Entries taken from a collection
·····

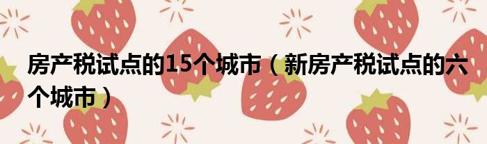 大家好,甜甜来为大家解答以上问题,房产税试点的15个城市,新房产税试点的六个城市很多人还不知道,现在让我们一起来看看吧!
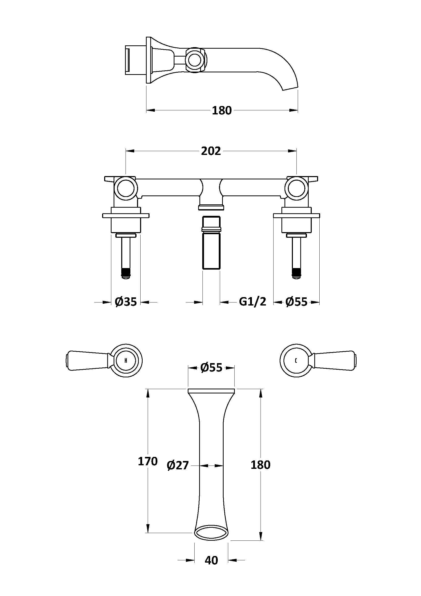 Bayswater 3-Hole Wall Mounted Basin Mixer With Spout Lever & Domed Collar
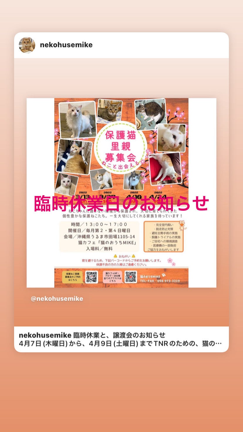 臨時休業と、譲渡会のお知らせ4月7日(木曜日)から、4月9日(土曜日)までTNRのための、猫の搬送と、シェルター寄りの、引っ越し準備のためお休みします10日譲渡会は、予定通り行います、尚日にちは未定ですがコンテナハウス完成猫の移動すみましたら、内覧会を予定していますよろしくお願い申し上げます。
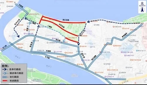 (二)濱江東路/黃家塘街交叉口至濱江東路/東江沙路交叉口路段,調(diào)整為車輛東往西單向通行。
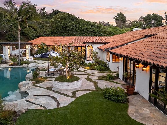 INCREDIBLE single-level estate located in the prestigious Rancho Santa Fe Covenant. Privately gated on 3.39 acres of picturesque land with serene views and unmatched privacy. This light-filled home features Saltillo tile throughout, 4+ bedrooms including a spacious live-in guest suite, and an expansive primary retreat with a reimagined spa-inspired bath complete with soaking tub, custom oversized walk-in steam shower, and private courtyard with hot tub. Additional highlights include a full gym, executive library, dedicated office, and a custom bar perfect for entertaining. The layout flows seamlessly to a resort-style saltwater pool with hot tub, splash pool, cascading waterfall, and a spacious covered patio with built-in BBQ and wood-burning fireplace, the ultimate setting for indoor-outdoor living. Smart home upgrades include built-in speakers, Pentair system, Doorbird, security cameras, EV charger, and fully owned solar with 3 backup batteries for easy living. A generous motor court, 200+ avocado tree grove, and family citrus orchard make this home truly special!
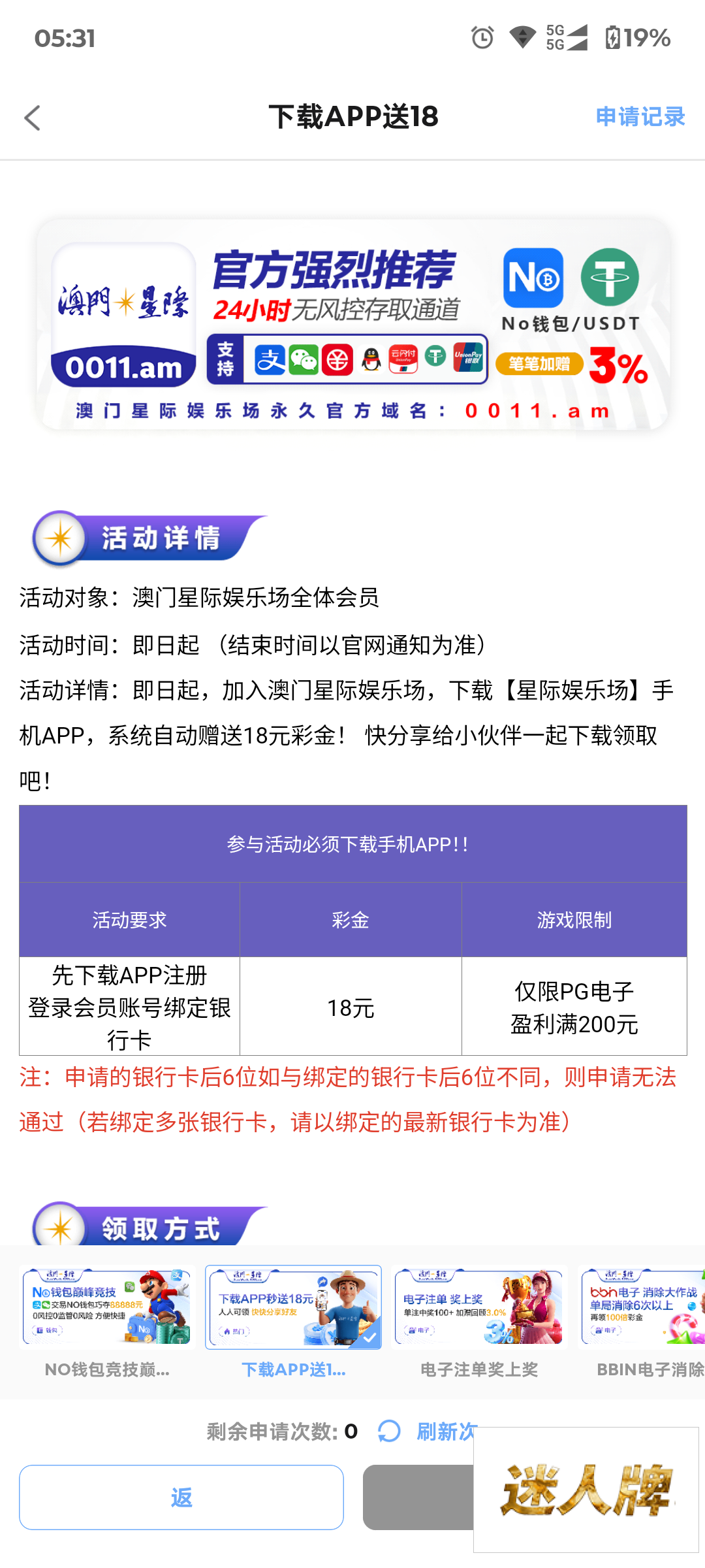 刚有老哥发自助的,活动有下载彩金链接0011.am
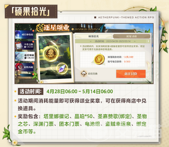 “硕果拾光”活动则是一个奖励集锦!只要你在活动期间消耗能量,就能获得颂业奖章,而这些奖章能在专门的兑换商店里换取各种珍贵道具。塔里娜徽记、深渊门票、团本门票、电池组等一应俱全。对喜欢打团本、刷副本的玩家来说,这个活动简直是提升战力的必备良机,绝对不能错过。
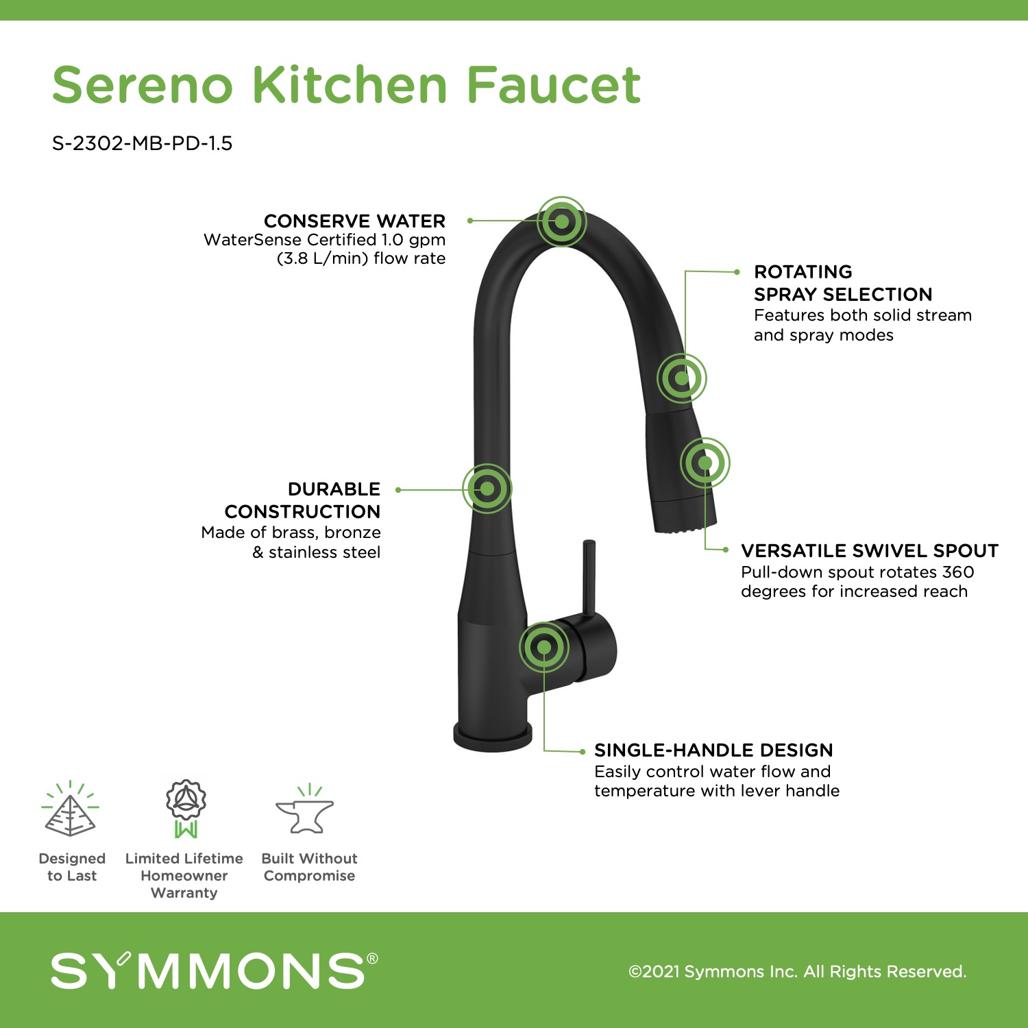 The contemporary design of the Symmons Sereno Collection presents interesting curves and unique stylings to create a minimalist palette that blends with a wide variety of bathroom spaces.
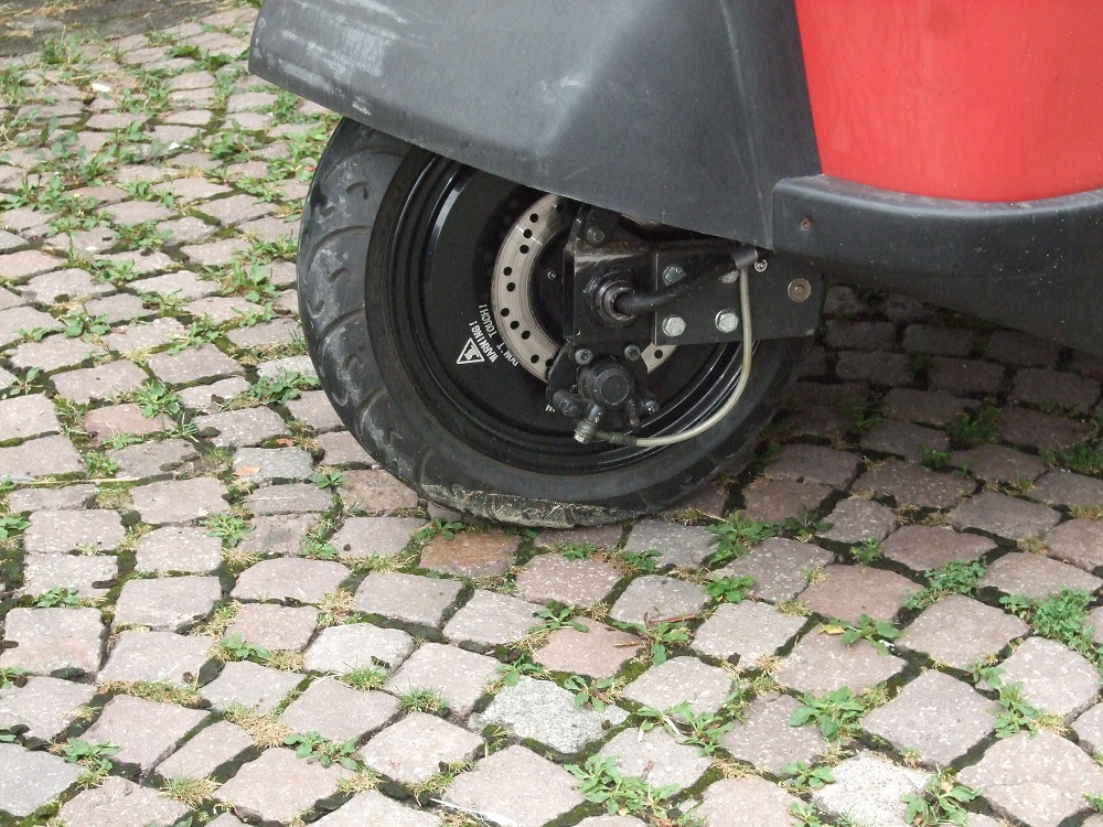 Als Dankeschön lüfte ich nun mein Geheimnis um das "Abarth". Ich hab eine Ape umgebaut. Das Vorderrad durch den E-Max Hinterrad-Motor ersetzt.

·····

▸ What you have to do
Copy out the lines above in full and unaltered, apart from the pictures.

▸ The completed task
 大家好,甜甜来为大家解答以上问题,房产税试点的15个城市,新房产税试点的六个城市很多人还不知道,现在让我们一起来看看吧!
 Bayswater 3-Hole Wall Mounted Basin Mixer With Spout Lever & Domed Collar
 臨時休業と、譲渡会のお知らせ4月7日(木曜日)から、4月9日(土曜日)までTNRのための、猫の搬送と、シェルター寄りの、引っ越し準備のためお休みします10日譲渡会は、予定通り行います、尚日にちは未定ですがコンテナハウス完成猫の移動すみましたら、内覧会を予定していますよろしくお願い申し上げます。
 (二)濱江東路/黃家塘街交叉口至濱江東路/東江沙路交叉口路段,調(diào)整為車輛東往西單向通行。
 INCREDIBLE single-level estate located in the prestigious Rancho Santa Fe Covenant. Privately gated on 3.39 acres of picturesque land with serene views and unmatched privacy. This light-filled home features Saltillo tile throughout, 4+ bedrooms including a spacious live-in guest suite, and an expansive primary retreat with a reimagined spa-inspired bath complete with soaking tub, custom oversized walk-in steam shower, and private courtyard with hot tub. Additional highlights include a full gym, executive library, dedicated office, and a custom bar perfect for entertaining. The layout flows seamlessly to a resort-style saltwater pool with hot tub, splash pool, cascading waterfall, and a spacious covered patio with built-in BBQ and wood-burning fireplace, the ultimate setting for indoor-outdoor living. Smart home upgrades include built-in speakers, Pentair system, Doorbird, security cameras, EV charger, and fully owned solar with 3 backup batteries for easy living. A generous motor court, 200+ avocado tree grove, and family citrus orchard make this home truly special!
 刚有老哥发自助的,活动有下载彩金链接0011.am
 “硕果拾光”活动则是一个奖励集锦!只要你在活动期间消耗能量,就能获得颂业奖章,而这些奖章能在专门的兑换商店里换取各种珍贵道具。塔里娜徽记、深渊门票、团本门票、电池组等一应俱全。对喜欢打团本、刷副本的玩家来说,这个活动简直是提升战力的必备良机,绝对不能错过。
 The contemporary design of the Symmons Sereno Collection presents interesting curves and unique stylings to create a minimalist palette that blends with a wide variety of bathroom spaces.
 Als Dankeschön lüfte ich nun mein Geheimnis um das "Abarth". Ich hab eine Ape umgebaut. Das Vorderrad durch den E-Max Hinterrad-Motor ersetzt.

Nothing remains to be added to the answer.